Per chiudere qualche tab
apr 8, 2009 autoreferenzialità, diritti civili, editoria, gay pride, lgbt, minima moralia, traduzione
Un po’ di segnalazioni sparse, per chiudere alcune delle venti tab di Firefox che ho qui aperte, e con l’ulteriore intento di comunicare al mondo che questo blog è ancora in attività. Se già non l’avete tolto dai feed.
Tra le altre cose, sono giunta alla conclusione che nell’ottica di un’ecologia del pensiero, e per scongiurare l’insorgenza della drammatica sindrome del blogger tuttologo, è buona norma leggere diecimila parole per ogni parola che si scrive. Personalmente sto seguendo proprio questa filosofia, oltre alla mia solita regoletta aurea, che recita: “Non premere Invio se non hai la certezza che le tue parole possano tornare utili a qualcuno”. Donde la mia poca attività online in questo periodo, compresi i social network.

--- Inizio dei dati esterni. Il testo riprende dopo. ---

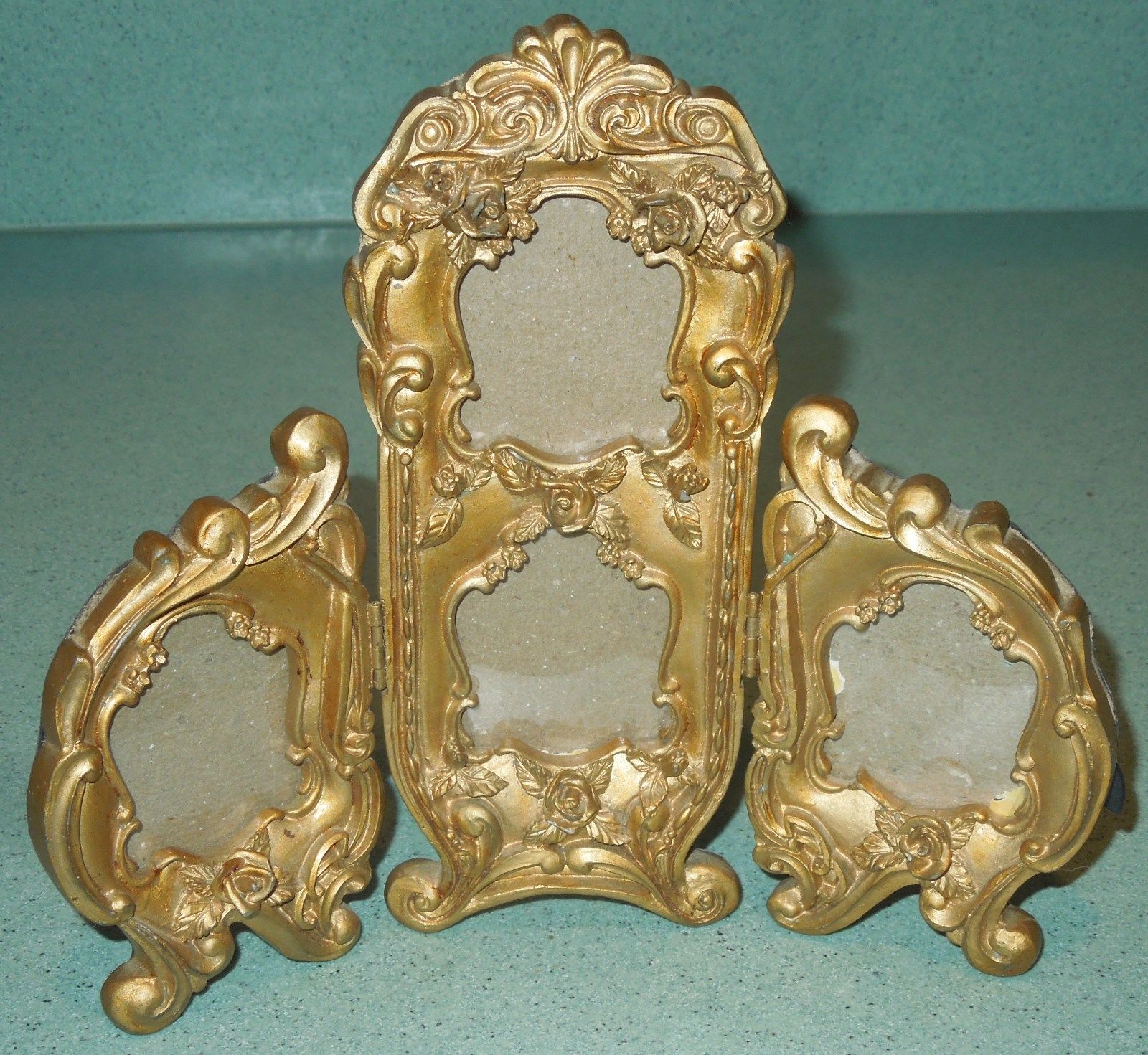Nouveau style picture frame ornate tri-folding , holds four MINIATURE pictures
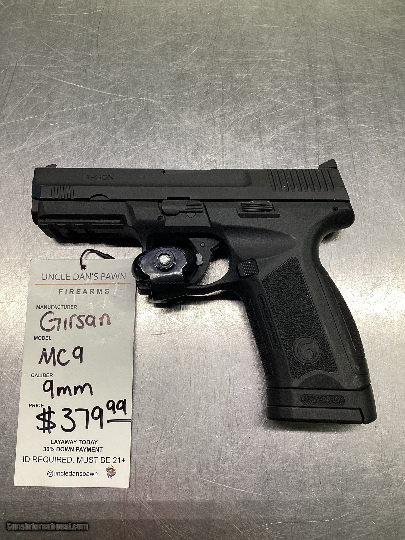 Description: Guns Listing ID: 608545 Girsan 9mm MC9 Black T6368-21CJ00555 No box or extra magazines Manufacturer: GIRSAN Model: MC9 Condition: Used - Non-Certified Barrels: 5" BARREL Action: SEMI AUTOMATIC Gauge: 9mm flobert Finish: black Price: $379.99 Contact Seller |
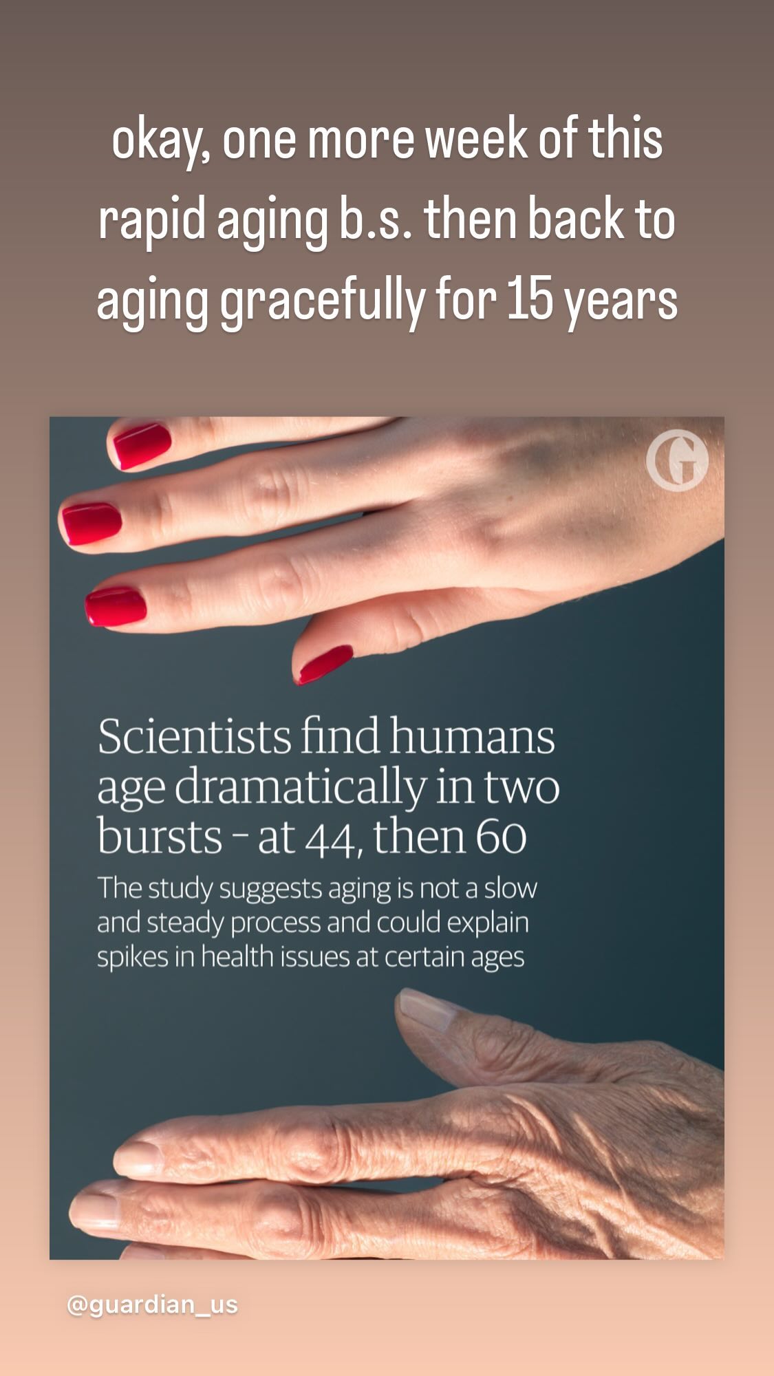 okay, one more week of this rapid aging b.s. then back to aging gracefully for 15 years
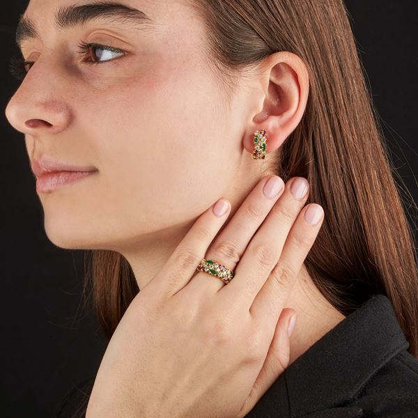 Paio di orecchini e anello in oro giallo 18 kt, diamanti, smeraldi e rubini
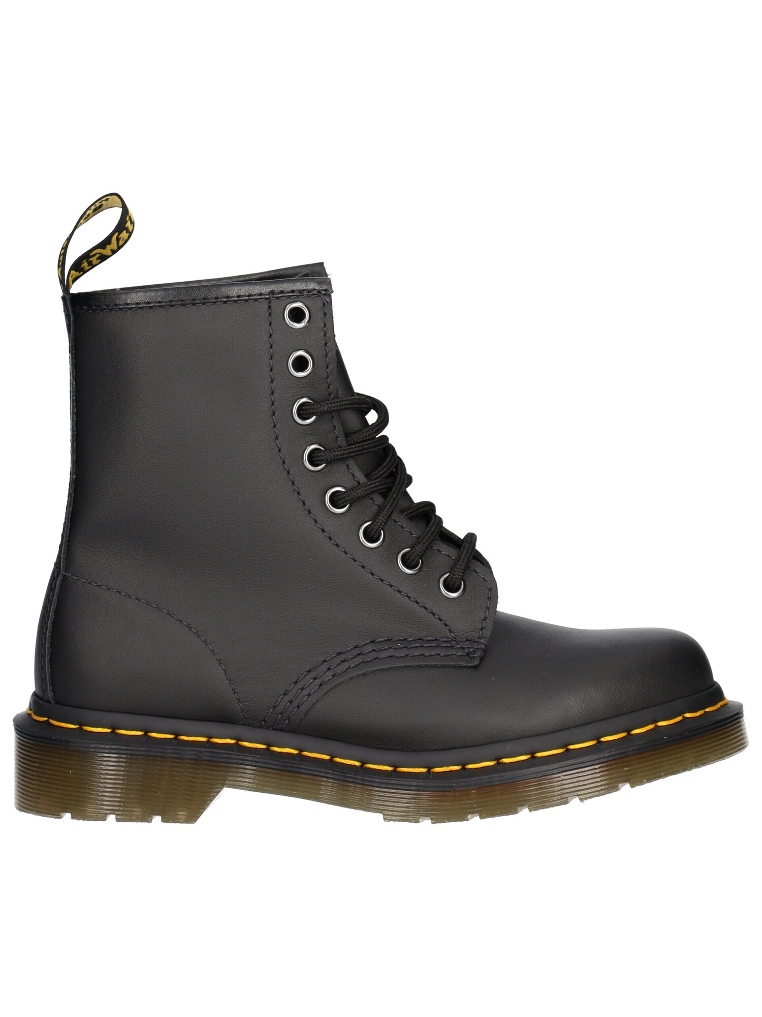 Anfibio Dr Martens 1460 nappa con guardolo Goodyear, cuciture gialle a vista e linguetta logata sulla parte superiore del tallone per facilitare la calzata. Otto occhielli con chiusura a stringhe tono su tono tripla cucitura della tomaia per una maggior resistenza e suola brevettata resistente ad olio, grasso e benzina. Fondo in gomma antiscivolo.
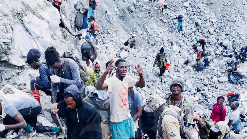 “Het ontploffen van dynamiet klinkt de plaatselijke bevolking en goudzoekers uit alle delen van het land, als muziek in de oren. Ze hopen op goudenregen. Het is alsof zij daardoor in trance raken. Dalen met gevaar voor eigen leven en dat van anderen, als Spiderman af langs rotswanden en de opengeschoten aarde. Er worden zand en stenen weggedragen om daaruit goud te onttrekken.”

- I Pride di quest’anno: Genova (Pride nazionale) il 27 giugno (vigilia del quarantennale di Stonewall), io e Remuz ci saremo; Milano… non si sa ancora quando, ma io e Remuz ci saremo; Roma 13 giugno.
- Un’interessante riflessione sull’uso e l’abuso della pagina dei ringraziamenti nei libri. Non so voi, ma io quella pagina lì la trovo un’americanata pazzesca (locuzione da leggersi a mo’ di Fantozzi re. Corazzata Potëmkin), e noto con sgomento che si è diffusa anche tra gli autori italiani. Detesto tradurre quegli Aknowledgments imbevuti di retorica, e quando è capitato a me di scrivere un libro non ho inserito dediche né ringraziamenti. Lo trovo lezioso e sentimentale, suppongo che al lettore non interessi, e comunque preferisco ringraziare di persona. Credo che questa idiosincrasia mi sia venuta quando ho visto tesi di laurea dedicate alla mamma e all’amica del cuore “che mi ha aiutato a correggere la grammatica”. Doveroso ringraziare i colleghi e le persone che materialmente hanno contribuito alla stesura o alla revisione, o all’elaborazione delle idee; ma la mamma, vi prego, la mamma no.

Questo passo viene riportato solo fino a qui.